Tests run on every commit that touches the scope rendering code. A full run takes about 40 seconds, most of which is GPU setup and teardown. The actual rendering and comparison is fast. The CI machines have GPUs specifically because headless CPU-only testing would not catch the bugs that matter.
When a test fails, the review process is manual. A developer looks at the difference map, decides whether the error is a real bug or a legitimate precision change (like a driver update), and either fixes the shader or updates the golden master. Updating a golden master requires a comment in the commit explaining why the old reference was wrong or why the new precision characteristic is acceptable.

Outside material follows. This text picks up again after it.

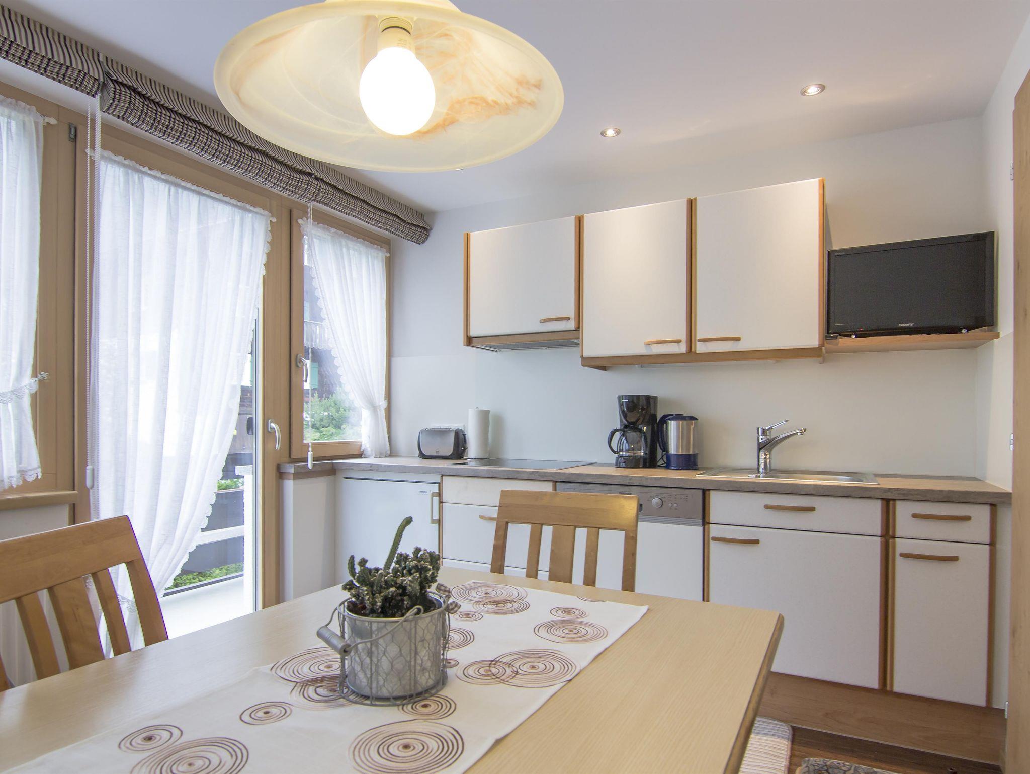 Wohnung 1 mit 45m² für 3-4 Personen verfügt über zwei getrennte Doppelzimmer, Badezimmer mit Dusche und separatem WC, einer Küche mit Esstisch und einem Nord u. Ostbalkon. Die Küche ist komplett ausgestattet mit 4 Platten E-Herd, kleiner Grill u. Backautomat, Geschirrspüler, Soda Stream, Filter,- und Nespressokaffeemaschine, Wasserkocher und Toaster.
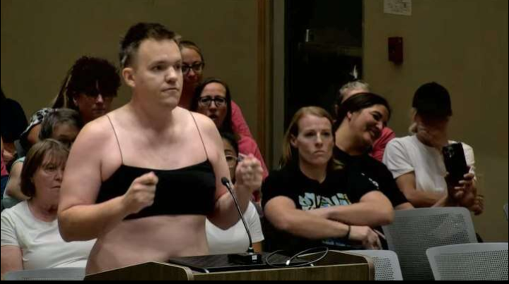 In a unique protest, Latham stripped down to a revealing black crop top with spaghetti straps and short jean shorts, arguing that such attire was inappropriate for a school board meeting. He asserted that a dress code allowing such clothing in a classroom would hinder the creation of a safe and distraction-free environment.

This is deliberately not automated. The decision to accept a new precision baseline is a judgment call about signal integrity, and we do not want that decision made by a threshold.
The cost of two paths
Maintaining both CPU and GPU implementations of every scope type is real work. When the rendering algorithm changes, both paths need updating. When a new scope feature ships, it ships twice. The CPU path is typically 3x more code than the GPU path because scalar code cannot lean on implicit parallelism.
The alternative is trusting the GPU output because it looks right. We tried that early on. It produced scopes that were wrong by 1 to 2 pixels on certain input values, in ways that no human reviewer caught during development, but that a colourist would eventually notice when making critical adjustments near the edges of legal gamut. A scope that is wrong at the margins is worse than no scope at all, because it teaches you to distrust the tool.
The CPU reference path costs us roughly two weeks of additional engineering per scope type. The confidence it buys is worth more than that.